1 декабря. Сегодня похерил все, что писал о Блоке, и начал по-другому.
Вчера витиеватый Левинсон на заседании «Всемирной Литературы» сказал Блоку: «Чуковский похож на какого-то диккенсовского героя». Это удивило меня своей меткостью. Я действительно чувствую себя каким-то смешным, жалким, очень милым и забавно-живописным. Даже то, как висят на мне брюки, делает меня диккенсовским героем. Но никакой поддержки, ниоткуда. Одиночество, каторга – и ничего! Живу, смеюсь, бегаю – диккенсовский герой, и да поможет мне диккенсовский Бог, тот великий Юморист, который сидит на диккенсовском небе…
5 декабря. Все дни был болен своей старой гнусностью: бессонницей. Вчера почтовым поездом в Питер прибыл, по моему приглашению, Маяковский. Когда я виделся с ним месяц назад в Москве, я соблазнял его в Питер всякими соблазнами. Он пребывал непреклонен. Но когда я упомянул, что в Доме Искусств, где у него будет жилье, есть биллиард, он тотчас же согласился. Прибыл он с женою Брика, Лилли Юрьевной, которая держится с ним чудесно: дружески, весело и не путано. Видно, что связаны они крепко – и сколько уже лет: с 1915-го. Никогда не мог я подумать, чтобы такой человек, как Маяковский, мог столько лет остаться в браке с одною. Но теперь бросается в глаза именно то, чего прежде никто не замечал: основательность, прочность, солидность всего, что он делает. Он – верный и надежный человек: все его связи со старыми друзьями, с Пуниным, Шкловским и проч. остались добрыми и задушевными. Прибыли они в Дом Искусств – часа в 2; им отвели библиотеку – близ столовой – нетопленую. Я постучался к ним в четвертом часу. Он спокоен и уверенно-прост. Не позирует нисколько. Рассказывает, что в Москве Дворец Искусства называют Дворец Паскудства, что Дом Печати зовется там Дом Скучати, что Шкловский в Доме Скучати схватился с Керженцевым (который доказывал, будто творчество Луначарского мелкобуржуазно) и сказал: «Луначарский потому не пролетарский писатель, что он плохой писатель». Луначарский присутствовал. «Луначарский говорил как Бог, отлично говорил… Но про Володю (Маяковского) сказал: жаль, но Маяковский под влиянием Брика и Шкловского», – вмешалась Лиля Юрьевна. Мы пообедали вчетвером: Маяковский, Лиля, Шкловский и я. «Кушайте наш белый хлеб! – потчевал Маяковский. – Все равно, если вы не съедите, съест Осип Мандельштам». Доброта Лили: она привезла разным здешним голодающим целый чемоданчик манных круп: кому фунт, кому два. Для полуидиотки Гартевельд (которую даже я не могу выносить больше часу) – привезла папирос, печений, масла. У нас (у членов Дома Искусств) было заседание – скучное, я сбежал, – а потом началась Ходынка: пёрла публика на Маяковского. Я пошел к нему опять – мы пили чай – и говорили о Лурье. Я рассказал, как милая, талантливая Ольга Афанасьевна Судейкина здесь, одна, в холоде и грязи, без дров, без пайков, сидела и шила свои прелестные куклы, а он там в Москве жил себе по-комиссарски.

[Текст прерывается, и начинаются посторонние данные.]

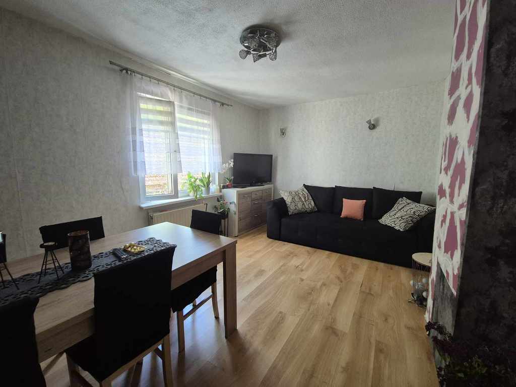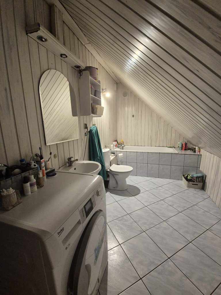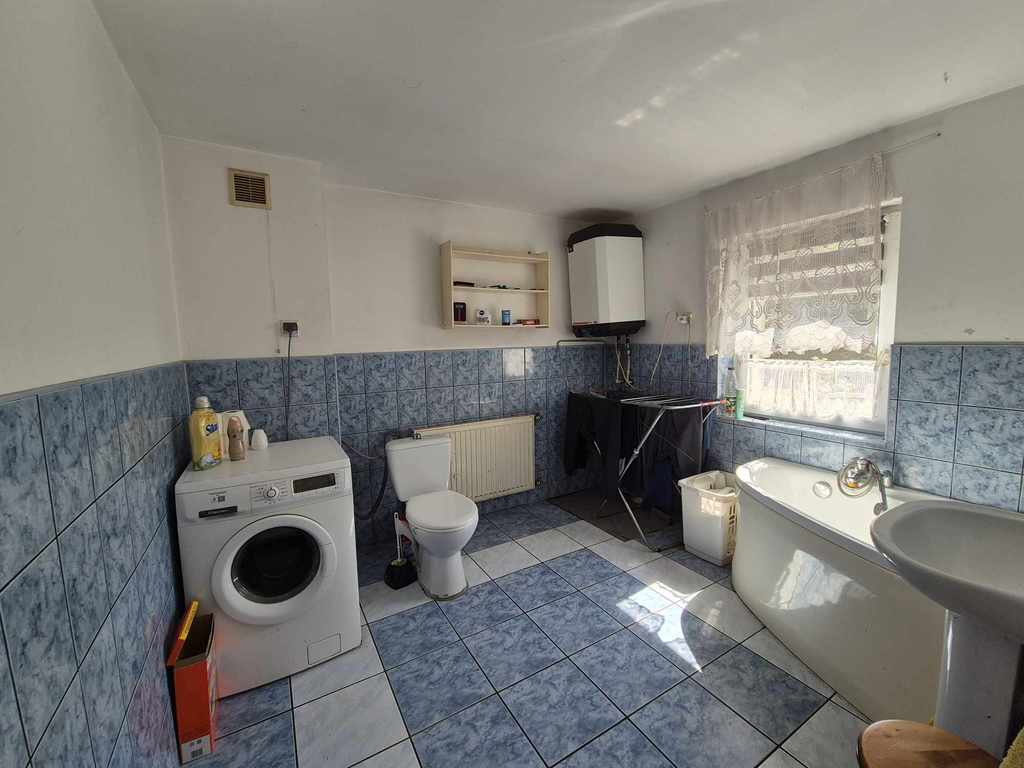 Pierwsza kondygnacja domu to: duża kuchnia, 2 sypialnie, pokój dzienny oraz łazienka z wc w glazurze i terakocie. Wszystkie pomieszczenia z oknami pcv, na podłogach w pokojach panele .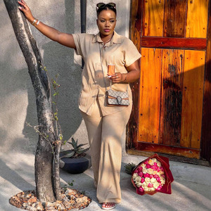 欧美大码女装纯色短袖翻领开衫衬衫阔腿长裤非洲洋气休闲新款套装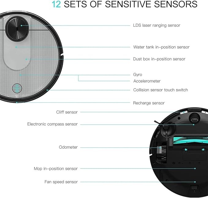 Vacuum Cleaner Robot Vacuum Cleaner Sweeping Mopping Robotic Cleaner 2100Pa Strong Suction Smart Navigating App Control Robot Vacuum Cleaner (Color : Black, Size : One Size) (One Size Black)

– Сволочь, – говорит Маяковский. – Тоже… всякое Лурье лезет в комиссары, от этого Лурья жизни нет! Как-то мы сидели вместе, заговорили о Блоке, о цыганах, он и говорит: едем (туда-то), там цыгане, они нам все сыграют, все споют… я ведь комиссар музыкального отдела.

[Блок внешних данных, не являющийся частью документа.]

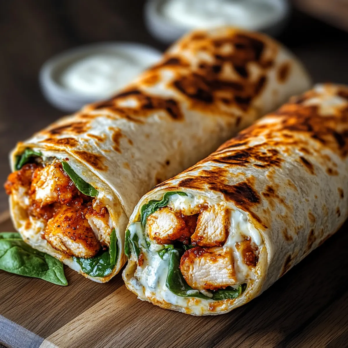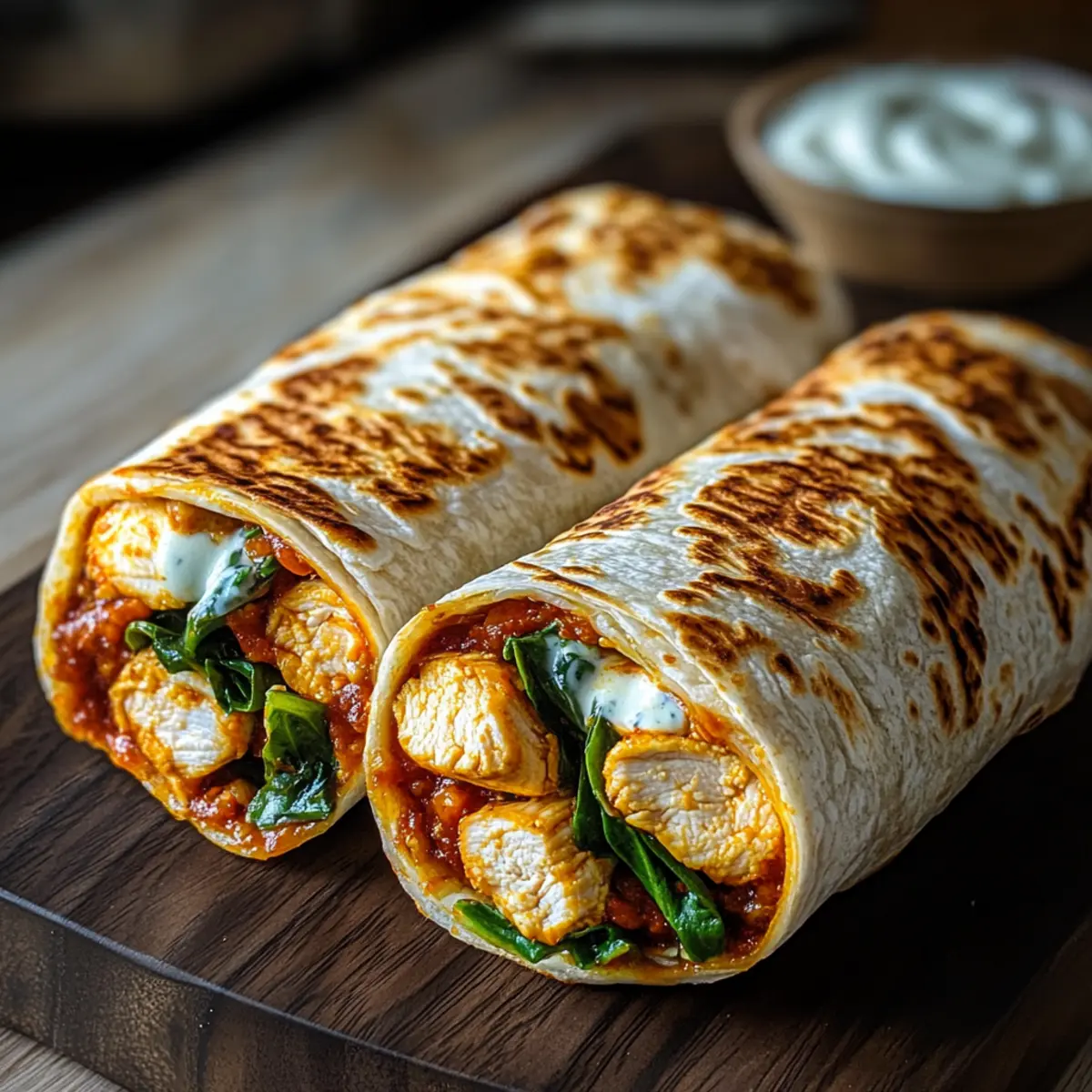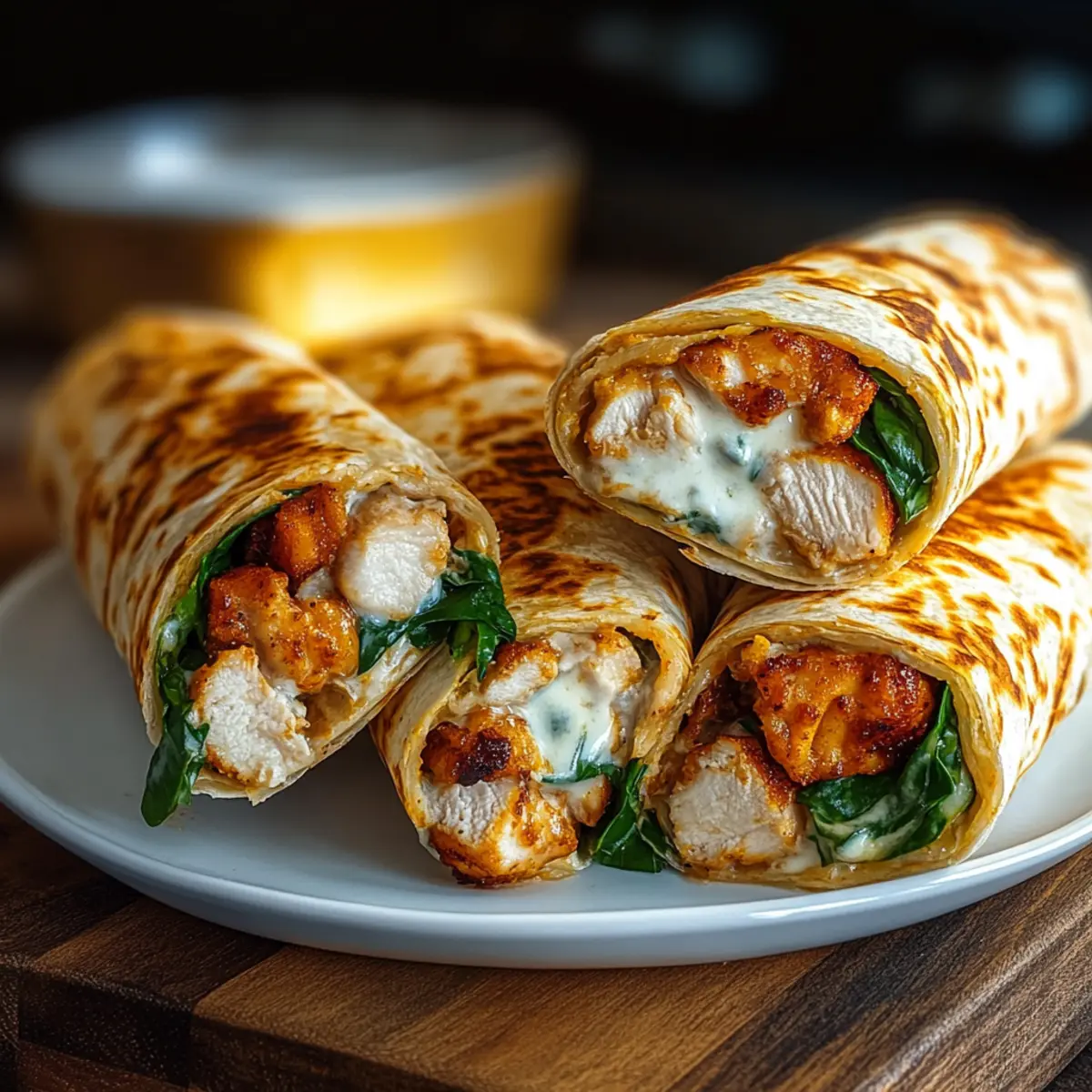 - Assemble the Wraps: Lay tortillas, add spinach, chicken strips, and mozzarella, then roll tightly.

А я говорю: «Это все равно, что с околоточным в публичный дом».
Потом Ходынка. Дм. Цензор, Замятин, Зин. Венгерова, Серафима Павловна Ремизова, Гумилев, Жоржик Иванов, Киселева, Конухес, Альтман, Викт. Ховин, Гребенщиков, Пунин, Мандельштам, художник Лебедев и проч., и проч., и проч. Очень трогательный и забавный угол составили дети: ученики Тенишевского училища. Впереди всех Дрейден – в очках – маленькая мартышка. Боже, как они аплодировали. Маяковский вышел – очень молодой (на вид 24 года), плечи ненормально широки, развязный, но не слишком. Я сказал ему со своего места: сядьте за стол. Он ответил тихо: вы с ума сошли. Очень не удалась ему вступительная речь: вас собралось так много оттого, что вы думали, что 150 000 000 – это рубли. Нет, это не рубли. Я дал в Государственное издательство эту вещь. А потом стал требовать назад – стали говорить: Маяковский требует 150 000 000 и т. д.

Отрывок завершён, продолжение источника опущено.